Microsoft only started taking serious steps during D3D10 to start formalizing and do major clean ups for their API specifications ...

It was pretty simply, you couldn't say your Dx7 GPU was a Dx8 one could you?

You couldn't claim your Dx10 GPU was a Dx11 one could you?

The feature matrix of extensions has been a thing since around D3D9 so I don't know what you find so offensive about it with D3D12

By allowing 2012 Dx11 GPU's to be 'classed' as Dx12 ones is wrong and causes confusion in the consumer space, leads to people thinking they don't need to upgrade to a more modern GPU and can/could slow down adoption rate of newer GPU's.

So yea, there's a big potential for a knock in effect.

'Ultimate' being advertised as an extension rather than a clean break up was a purely pragmatic design choice.

Which further adds to the confusion with the consumers as the hardware capabilities between a Dx12 GPU and a Dx12U one are very very different.

None of the new features really necessitated a clean sheet foundation.

Hardware RT
VRS
Mesh Shaders
Sampler Feedback

That is a lot of hardware feature set additions and certainly could have easily justified being a new Dx.

The mesh shading pipeline is just a compute-like shading stage that can send the rasterizer it's own data, sampler feedback is mostly a software implemented feature, variable rate shading is just some special pixel shader state/mode, and even RT reused prior infrastructure/concepts such as PSOs and bindless so we didn't really need an entirely new original API to express these features when they didn't fundamentally alter the way we do GPU programming ...

All of which are not supported in Dx12 GPU's.

Arguably the largest addition to Dx11 was Tessellation, and yet Microsoft didn't just release it as Dx10.2.
 
MS has a reason why they stopped numbering when they reached DX12. LOL, maybe some old, knowledgeable forumers can answer that, remember?
 
MS has a reason why they stopped numbering when they reached DX12. LOL, maybe some old, knowledgeable forumers can answer that, remember?
IIRC in the old days the DX was bound to Windows OS versions largely, with each release being iterative improvements over the previous.
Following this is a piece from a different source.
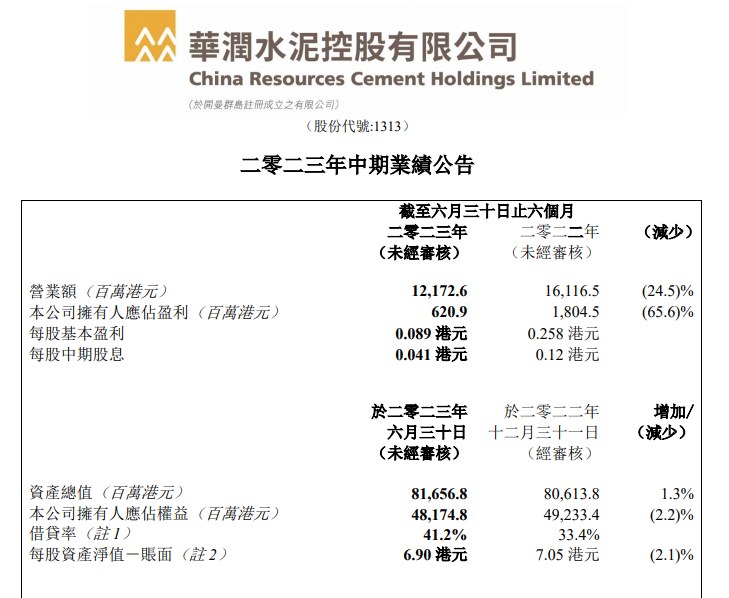8月18日,華潤(rùn)水泥控股有限公司(簡(jiǎn)稱(chēng)“華潤(rùn)水泥”)發(fā)布2023年中期業(yè)績(jī)公告稱(chēng),2023年上半年公司實(shí)現(xiàn)營(yíng)收約121.73億港元,同比減少24.5%;歸屬股東凈利潤(rùn)6.21億港元,同比減少65.6%。

But DX1 through 11 are largely the same render path, at least there's significantly more similiarity between 9 through 11. In the end MS stopped after DX11, to keep that as a high level API. And DX12 as their low level API. If there were a DX13, I would agree with Lurkmass, it would be a different rendering path than we have today. I assume at this point in time, they will just add more to DX12 and DX11 unless there is something out there that would suggest a completely new render path would make more sense in the future.

There's not really any rhyme or reason behind the numbering system here - it's really just an extension of marketing, but it seems to have settled to high level (DX11) and low level (DX12)
 
IIRC in the old days the DX was bound to Windows OS versions largely, with each release being iterative improvements over the previous. But DX1 through 11 are largely the same render path, at least there's significantly more similiarity between 9 through 11. In the end MS stopped after DX11, to keep that as a high level API. And DX12 as their low level API. If there were a DX13, I would agree with Lurkmass, it would be a different rendering path than we have today. I assume at this point in time, they will just add more to DX12 and DX11 unless there is something out there that would suggest a completely new render path would make more sense in the future.

There's not really any rhyme or reason behind the numbering system here - it's really just an extension of marketing, but it seems to have settled to high level (DX11) and low level (DX12)
None of the DX12U features have been added to DX11. Like the Khronos Group with OpenGL, it seems that Microsoft has decided to leave its high-level API behind.